Segment Open

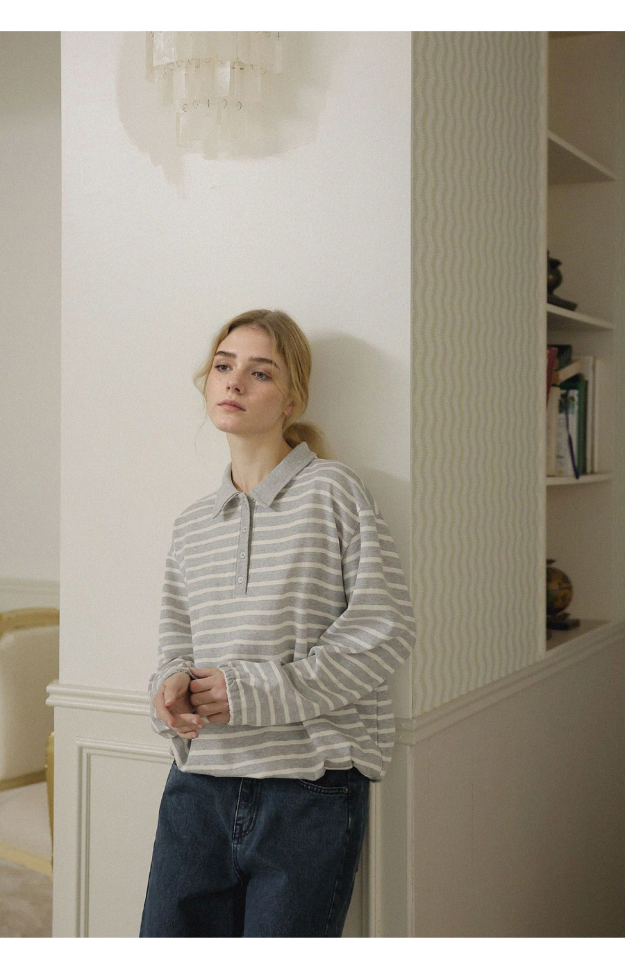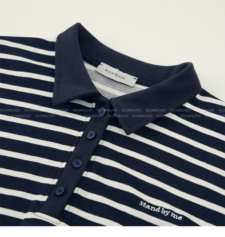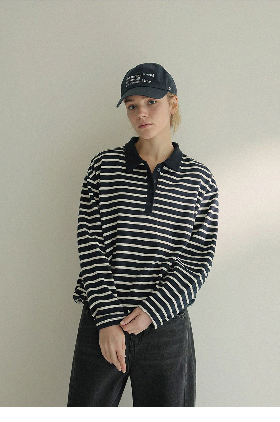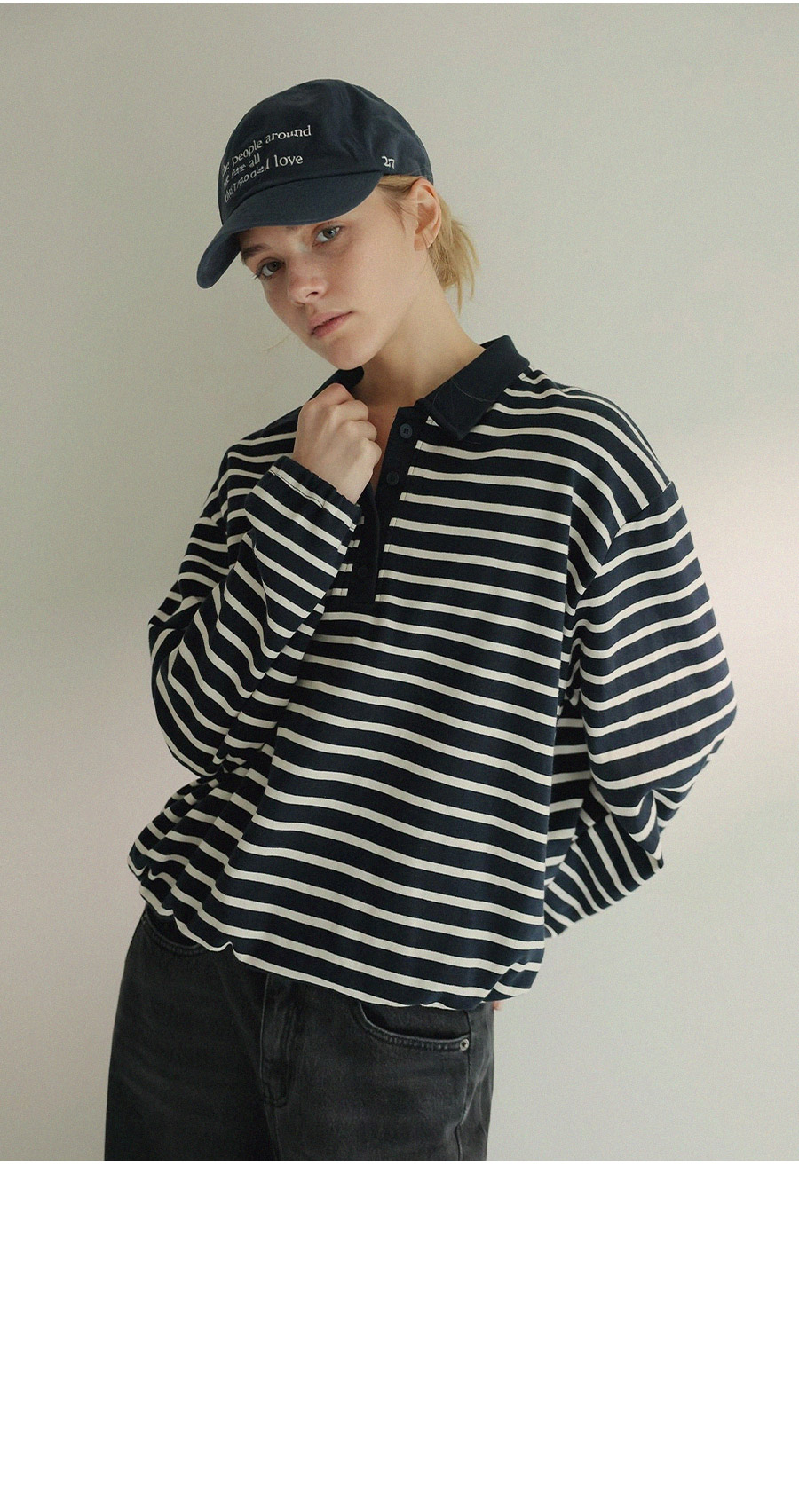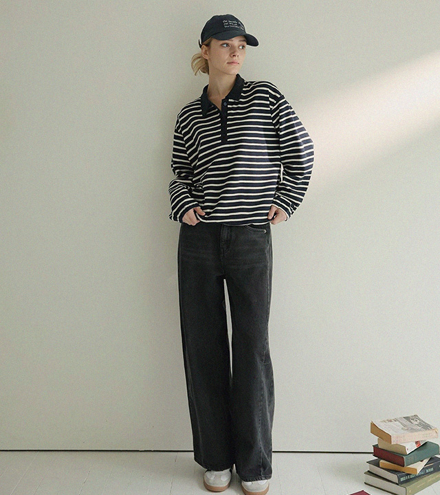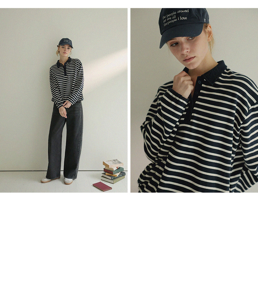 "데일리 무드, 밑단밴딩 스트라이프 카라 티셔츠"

Segment Closed
Segment Open

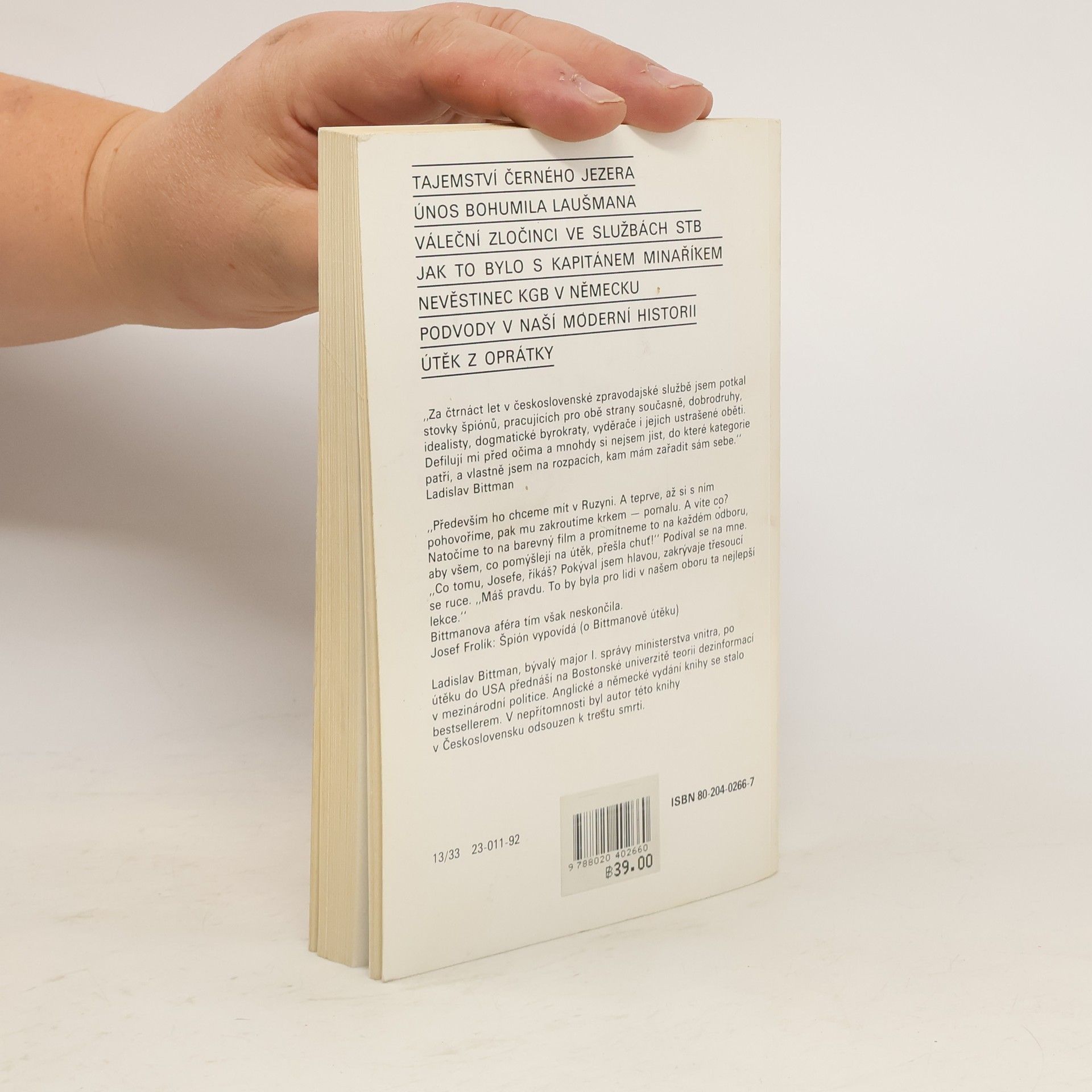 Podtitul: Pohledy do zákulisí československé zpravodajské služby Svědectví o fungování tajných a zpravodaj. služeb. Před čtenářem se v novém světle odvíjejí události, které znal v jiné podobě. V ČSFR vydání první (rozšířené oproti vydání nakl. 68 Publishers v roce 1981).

Segment Closed
Segment Open

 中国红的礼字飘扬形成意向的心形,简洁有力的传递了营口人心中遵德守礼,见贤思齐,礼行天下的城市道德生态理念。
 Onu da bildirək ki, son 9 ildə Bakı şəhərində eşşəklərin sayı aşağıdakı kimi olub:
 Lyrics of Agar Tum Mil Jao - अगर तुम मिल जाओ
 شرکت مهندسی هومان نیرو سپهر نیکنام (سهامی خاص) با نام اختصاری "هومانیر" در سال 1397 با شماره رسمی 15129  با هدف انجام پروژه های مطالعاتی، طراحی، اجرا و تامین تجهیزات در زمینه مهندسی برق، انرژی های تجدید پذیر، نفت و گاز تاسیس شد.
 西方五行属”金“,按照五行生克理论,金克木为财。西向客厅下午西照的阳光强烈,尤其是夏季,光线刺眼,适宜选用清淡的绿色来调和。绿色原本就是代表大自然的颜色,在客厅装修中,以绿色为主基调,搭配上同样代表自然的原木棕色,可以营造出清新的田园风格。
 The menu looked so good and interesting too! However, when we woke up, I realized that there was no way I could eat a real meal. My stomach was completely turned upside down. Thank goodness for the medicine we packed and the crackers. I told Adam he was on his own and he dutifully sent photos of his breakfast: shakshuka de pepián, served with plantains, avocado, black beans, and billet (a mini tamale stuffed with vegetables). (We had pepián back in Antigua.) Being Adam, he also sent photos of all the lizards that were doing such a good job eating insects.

Segment Closed

TASK STATEMENT: Of all the entries above, repeat only the lines from the line that has "Lyrics of Agar Tum Mil Jao - अगर तुम मिल जाओ" to the line that has "The menu looked", both lines included, exactly.

SOLUTION TO THIS EXERCISE:
 Lyrics of Agar Tum Mil Jao - अगर तुम मिल जाओ
 شرکت مهندسی هومان نیرو سپهر نیکنام (سهامی خاص) با نام اختصاری "هومانیر" در سال 1397 با شماره رسمی 15129  با هدف انجام پروژه های مطالعاتی، طراحی، اجرا و تامین تجهیزات در زمینه مهندسی برق، انرژی های تجدید پذیر، نفت و گاز تاسیس شد.
 西方五行属”金“,按照五行生克理论,金克木为财。西向客厅下午西照的阳光强烈,尤其是夏季,光线刺眼,适宜选用清淡的绿色来调和。绿色原本就是代表大自然的颜色,在客厅装修中,以绿色为主基调,搭配上同样代表自然的原木棕色,可以营造出清新的田园风格。
 The menu looked so good and interesting too! However, when we woke up, I realized that there was no way I could eat a real meal. My stomach was completely turned upside down. Thank goodness for the medicine we packed and the crackers. I told Adam he was on his own and he dutifully sent photos of his breakfast: shakshuka de pepián, served with plantains, avocado, black beans, and billet (a mini tamale stuffed with vegetables). (We had pepián back in Antigua.) Being Adam, he also sent photos of all the lizards that were doing such a good job eating insects.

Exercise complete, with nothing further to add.